Elke tag bestaat uit een naam en een waarde. U kunt tags gebruiken om context te bieden over de bijbehorende workload, toepassing, operationele vereisten of eigendom. U kunt bijvoorbeeld de tagnaam omgeving toepassen met de waarde productie- om alle productiebronnen te categoriseren.
Veelvoorkomende toepassingen voor tags zijn:
metagegevens en documentatie: tags zoals ProjectOwner beheerders helpen eenvoudig resourcedetails weer te geven.
Automation: Tags zoals ShutdownTime of DeprovisionDate kunnen acties activeren via scripts.
Optimalisatie van kosten: U kunt tags gebruiken om resources toe te wijzen aan specifieke teams die verantwoordelijk zijn voor de kosten.
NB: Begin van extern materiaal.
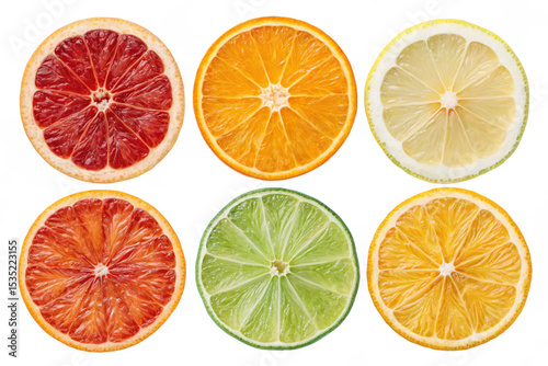 Vibrant Citrus Fruit Slices PNG Set of Fresh and Dried Lemon, Lime, Orange, Grapefruit

In Microsoft Cost Managementkunt u rapporten filteren op de tag Kostenplaats om kosten per team of afdeling bij te houden.
Gerelateerde resources
Zie voor meer informatie over de organisatie en het beheer van Azure Virtual Desktop:
- Azure Virtual Desktop voor de onderneming
- Uw Azure-resources effectief organiseren
- handleiding voor het benoemen en taggen van resources
Volgende stap
Meer informatie over beheer en bewaking voor een scenario op ondernemingsniveau van Azure Virtual Desktop.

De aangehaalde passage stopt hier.